While gender and racial inequalities were already known in academic circles, the generations in training or with degrees in close periods or in the midst of the pandemic were faced with hitherto unimaginable aspects, such as the lack of face-to-face coexistence in classes and events, which facilitated the networking, or the loss of usual spaces for study and professional development.
The effects of the pandemic associated with a science, technology and innovation policy that induce inequalities open up a difficult horizon for generational groups especially affected by cuts in research funding and the precarious insertion in professional activities, whether linked to a scientific career or not.
The social sciences and the importance of diversity
Equality in science remains a distant normative ideal, but it was from this point on that discussions that were unlikely to start taking over public spaces.
It was the arrival of women that brought feminism and gender analysis to academia. It was the presence of more blacks in the universities that intended the primacy of whiteness as the only example of intellectuality in the humanities.

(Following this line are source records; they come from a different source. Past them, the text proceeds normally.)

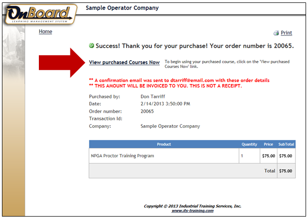 After completing the purchase, you will see the confirmation screen below. Click on the link, "View Purchased Courses Now" to go to the "My Assignments" section and take the Proctor Training Course. Click on the course name to begin the training.
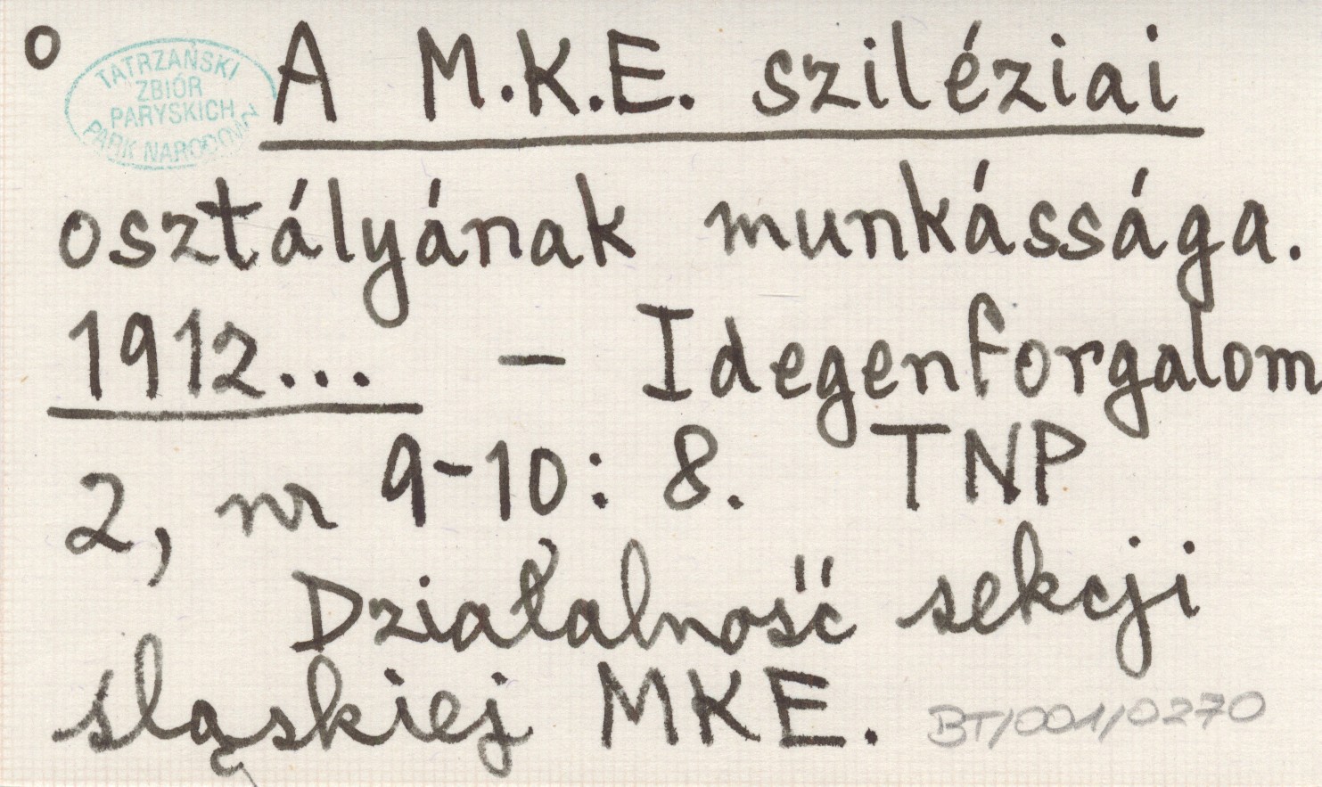 A M.K.E. sziléziai osztályának munkássága. 1912...
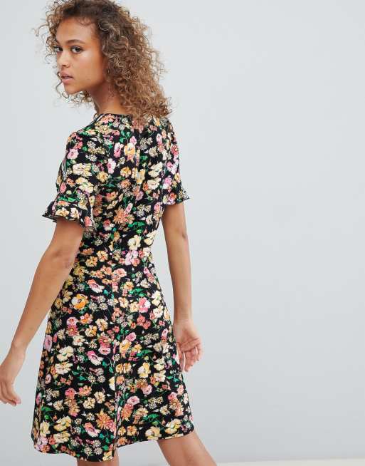 Asos Design Button Through Tea Dress With Frill Sleeve In Summer
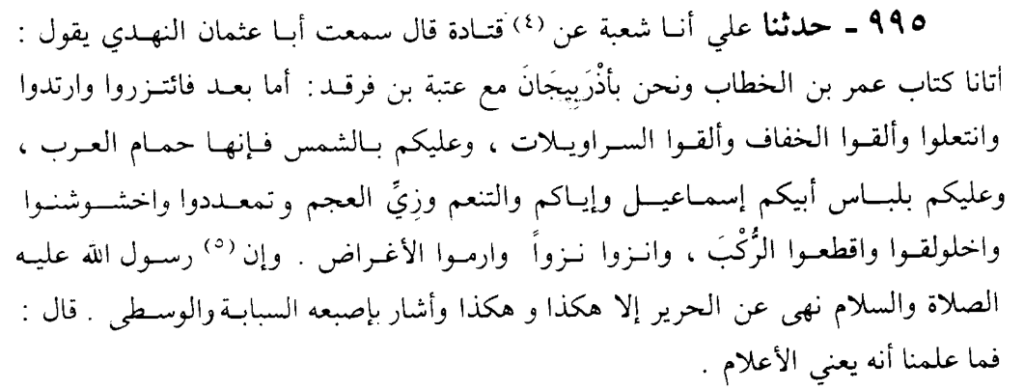 “اتانا كتاب عمر بن الخطاب ونحن بأذريبجان مع عتبة بن فرقد” وصلت رسالة عمر الى الجيش مع القائد عتبة بن فرقد وهم في اقليم اذربيجان ويقع فوق العراق. وكان يرشدهم الفاروق رضي الله عنه عن ما يرتدون وارشاده مثلا “وعليكم بالشمس فأنها حمام العرب” وعندما قال “وعليكم بلباس ابيكم إسماعيل” فأن الصحابة من قحطان وعدنان وقال لهم الخطاب عامةً ان يرتدوا مثل لبس ابيهم اسماعيل العربي.
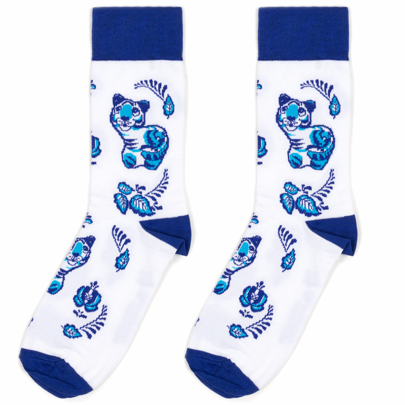 10 цен на Носки St. Friday - Гжельский тигр, размер 42-46, голубой, синий, белый
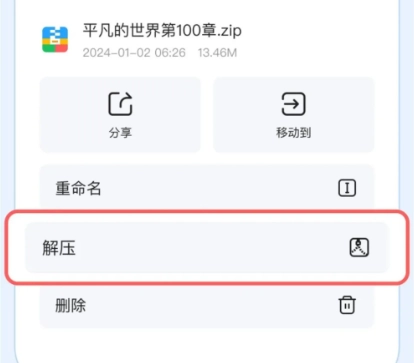 选择需要解压的压缩文件并点击右边的更多按钮。
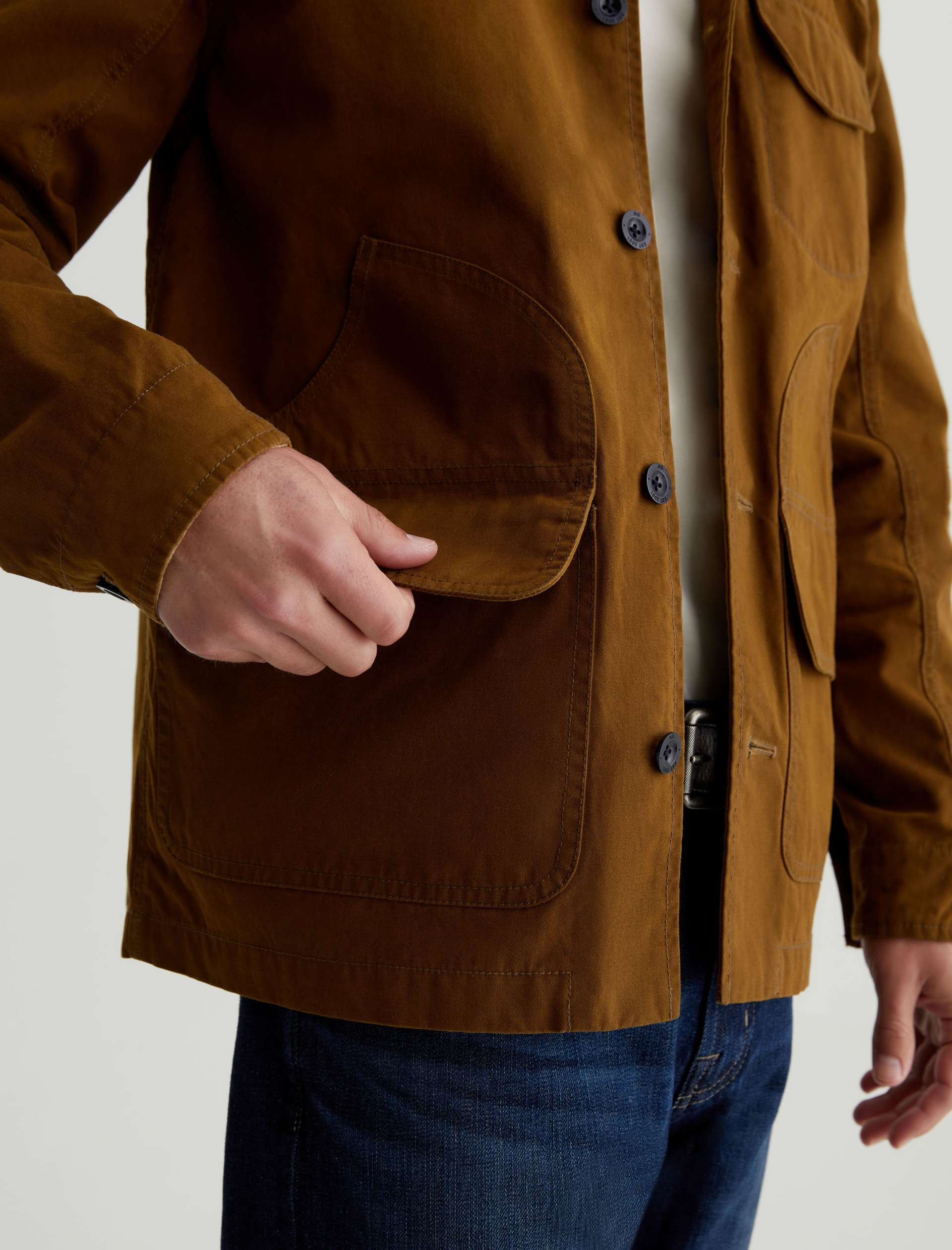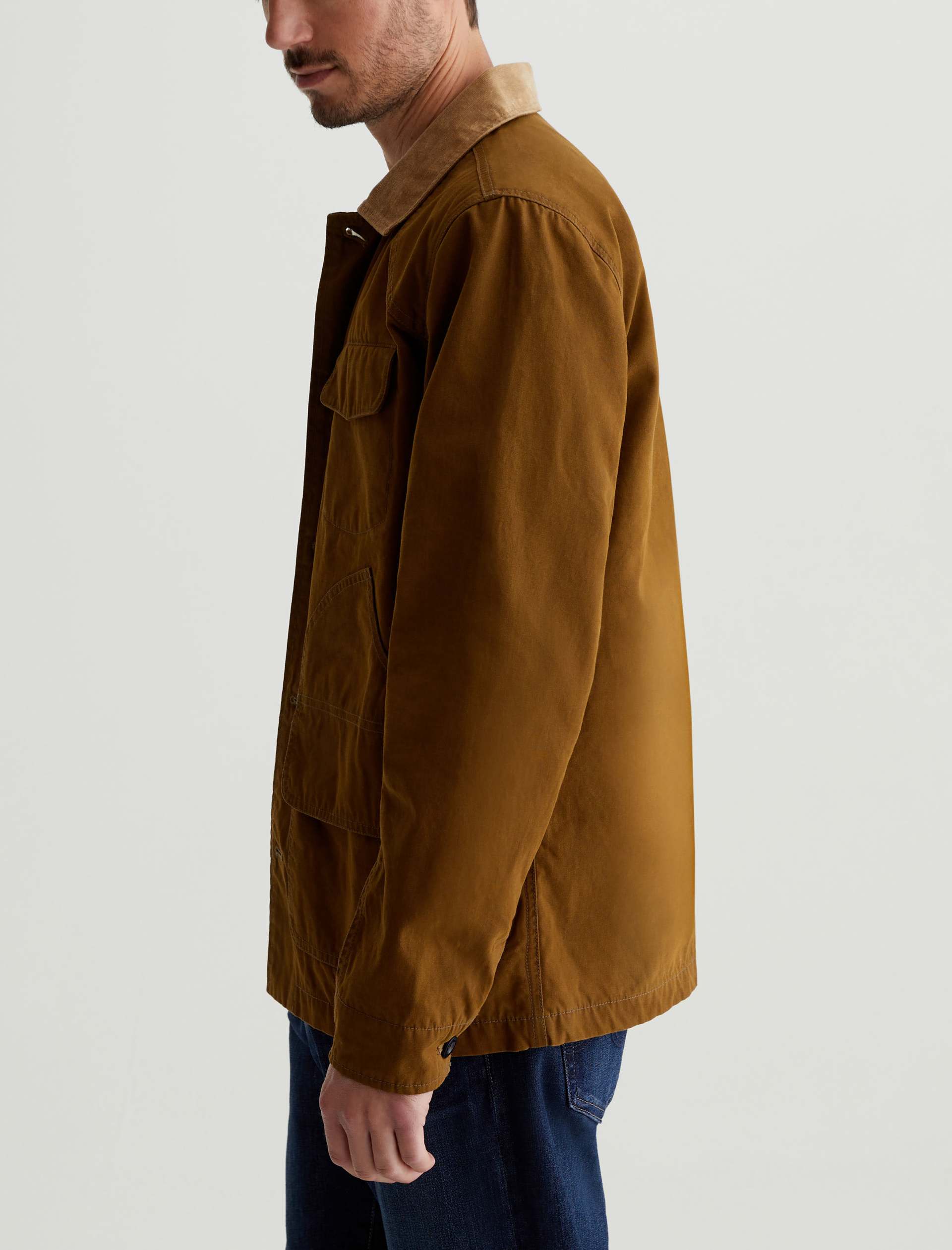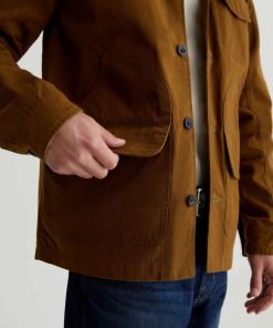 The Camden Jacket takes inspiration from vintage hunting jackets. Made from 10.2 oz. Coated Cotton Canvas in golden brown, it’s contrasted by corduroy at the collar and inner cuffs. Multifunctional utility pockets provide ample room for your essentials, while cotton-tencel lining offers softness and warmth.

And it was always from youth that the “new” was able to emerge and give continuity to the traditions transformed. The social sciences need diversity to contribute to people with all their potential.
Research area, gender, race and generation are social markers that guide generalizable challenges to scientific production, particularly visible and enhanced during the pandemic. In each of these modes of distinction in society, there are varying impacts, with some groups being more affected than others.
In a scenario of deepening inequalities and the consequent limitation of diversity, it is up to social scientists to ponder the tortuous future paths that are in sight for the community if the plurality of its actors comes to regress.